In the present study, platelet value range was 6.9 ± 1.6 10⁹/L to 14.4 ± 14.6 10⁹/L in peafowls. Such wide variation could be due to drug administration and handling of samples. On the contrary, Samour et al. (2010) reported platelet numbers ranged from 15.4 to 69.20 10⁹/L and Kumar et al. (2017) reported higher platelet values in males (26.77 ± 1.43 10⁹/L) and females (28.27 ± 0.97 10⁹/L) wild peafowls. Oladele et al. (2012) reported an increase in PLT values in Turkeys after treatment with Levamisole.
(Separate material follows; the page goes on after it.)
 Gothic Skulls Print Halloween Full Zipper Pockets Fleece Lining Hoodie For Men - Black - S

The overall prevalence of endo-parasites in peafowls was 70%, 56.66%. Previously, Shahbaz (2020) conducted a study on the prevalence of GI parasites at Jallo Wild Life Park of Lahore, they found a 59.1% prevalence rate of GI parasites that was lower than the current results. Similarly, Basit et al. (2014) reported an overall prevalence of 58.3%, in birds of prey and owls in Germany. The same trend was observed in the study by Akram et al. (2019) having a prevalence of 54.32%. Wojcik et al. reported a 69% prevalence in captive birds. At Jallo Wild Life Park, Lahore, the EPG of endoparasites was reported as 9150 in the present study in the pretreatment group. Ingestion of contaminated droppings or intermediary hosts such as cockroaches, beetles, earthworms, flies and grasshoppers in poorly managed aviaries could explain the high prevalence of GI parasitism in captive birds. The cohort effect and the stress of captivity could explain the greater incidence of endoparasites in adults (Radfar et al. 2012). Similarly, Akram et al. (2019) reported that there is a notable correlation between gastrointestinal parasites and two factors: age and the type of rearing system in which the captive birds are kept.
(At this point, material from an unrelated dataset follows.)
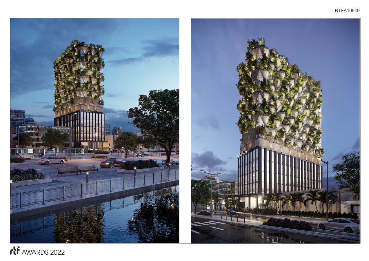 The investor’s request to build a different identity but still show the rationality from function to form has led to the idea of ”big potted plants in the heart of the city”, office blocks are pots, apartment blocks. is tree. The contrast in the design lines of the base block and the upper part makes the work even more outstanding.

In the present study, it was found that Levamisole was more effective against intestinal parasites than Albandazole in peafowl. These results correlate with the results of Sharma et al. (1989) who reported that Levamisole was 100% effective against endo-parasites as it inhibits the activity of malate dehydrogenase. However, the results of Khan et al. (2010) were not matched with those of the current study, their study concluded that Albandazole was more effective than Levamisole.

5. Conclusion

In the present study the administration of anthelminthic drugs caused significant changes in certain haematological parameters in peafowls. In addition, Levamisole was more effective than Albandazole in eliminating intestinal parasites in peafowls.

Disclosure statement

No potential conflict of interest was reported by the author(s).

Additional information

Funding

We extend our appreciation to the Researchers Supporting Project (No. RSPD2023R833), King Saud University, Riyadh, Saudi Arabia.